START Collected material

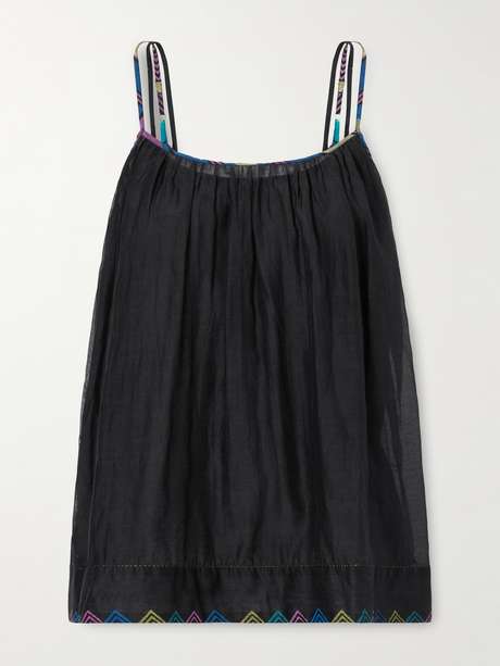 The hand-blocked print on Eka’s 'Gladioli' top adds a playful touch. Made in India from soft cotton and silk-blend voile, it’s set on double spaghetti straps. Style it with floaty summer pants.
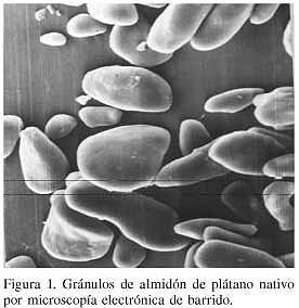 La composición química proximal del almidón de plátano es (%): almidón 98,0 ±2,00; proteínas 0,22 ±0,01; cenizas 0,47 ±0,02; y grasa 0,26 ±0,01. El almidón de plátano nativo presenta una naturaleza no iónica y sus gránulos (Figura 1) son de formas irregulares, esferoides y alongadas, con diámetro de 12,8-40m y longitud de 16,6-51,7m.
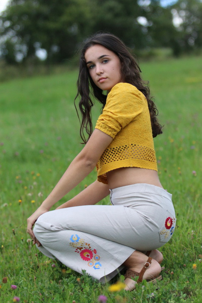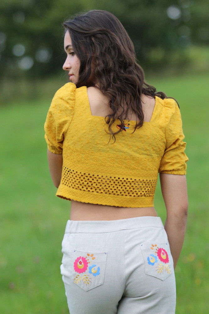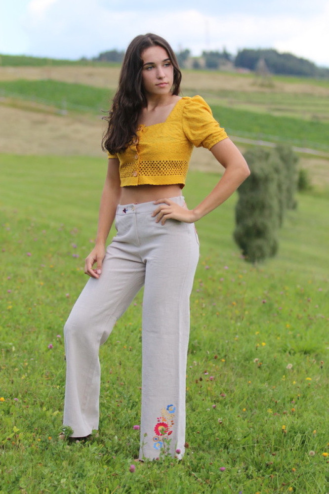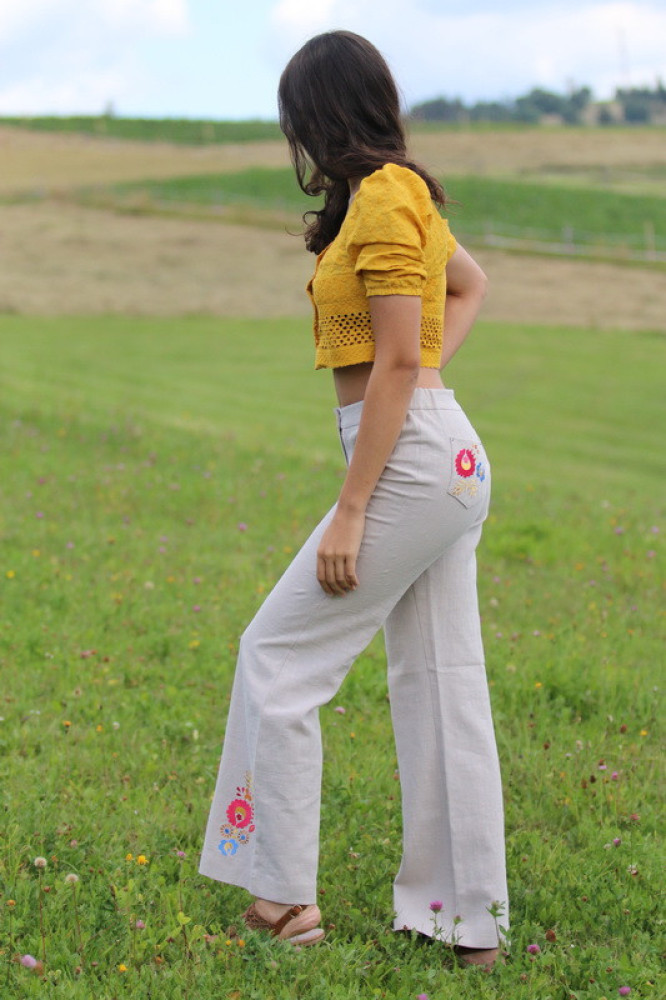 Vyšívané ľanové nohavice, vhodné na chladné aj teplé dni, umožňujú pokožke voľne dýchať. Vďaka svojmu pohodlnému strihu sú voľné, priedušné, pôsobia veľmi jemne a elegantne. Na zadnej strane majú rafinovane všité dve vrecká. Sú kombinovateľné s našimi crop topami, blúzkami, svetrami alebo s tričkom.

END Collected material

» Exercise objective
Make an exact copy of the data above, pictures excluded.

» Response below
 The hand-blocked print on Eka’s 'Gladioli' top adds a playful touch. Made in India from soft cotton and silk-blend voile, it’s set on double spaghetti straps. Style it with floaty summer pants.
 La composición química proximal del almidón de plátano es (%): almidón 98,0 ±2,00; proteínas 0,22 ±0,01; cenizas 0,47 ±0,02; y grasa 0,26 ±0,01. El almidón de plátano nativo presenta una naturaleza no iónica y sus gránulos (Figura 1) son de formas irregulares, esferoides y alongadas, con diámetro de 12,8-40m y longitud de 16,6-51,7m.
 Vyšívané ľanové nohavice, vhodné na chladné aj teplé dni, umožňujú pokožke voľne dýchať. Vďaka svojmu pohodlnému strihu sú voľné, priedušné, pôsobia veľmi jemne a elegantne. Na zadnej strane majú rafinovane všité dve vrecká. Sú kombinovateľné s našimi crop topami, blúzkami, svetrami alebo s tričkom.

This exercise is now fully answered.